Grace stamped her foot. “But that’s Mommy!”
The man handed the passports back and said something Grace didn’t understand. Then he smiled.
Ruth took her by her skinny, upper arm. It pinched. “Now look!” she whispered in a hiss, “remember what I told you about the Bogeymen? There are a lot, all dressed up in normal clothes but they are everywhere. They are watching. Even the walls have eyes. Now be a good girl and don’t say a word.”

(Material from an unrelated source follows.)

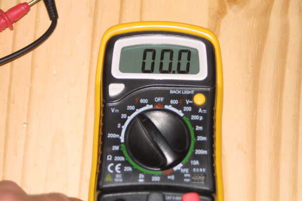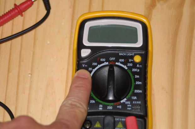 El modo que desea utilizar aquí es tensión. En mi medidor es un capital "V" con algunas líneas rectas junto a él. La tensión alterna tiene una onda sinusoidal a su lado.

Ruth was wearing her Joker Face again. She had on a huge smile but her voice was mean. Then Grace noticed that the people ahead of her in line started taking off their jackets. Were the Bogeymen making them take off their clothing? They were removing their belts and shoes, undressing in front of each other! They put keys and money and laptops into big plastic dishes. Did they have to give away their laptops and the keys to their houses to the Bogeymen? Would they find her secret pen hidden inside Carrot? Would they want to take it away from her? Tears filled her amber eyes and slid like raindrops down her cheeks. She watched and waited while the Bogeymen felt the people up and down all over their bodies with big, black-gloved hands. There were Bogey Women too, touching the ladies. She wondered if that part was going to tickle.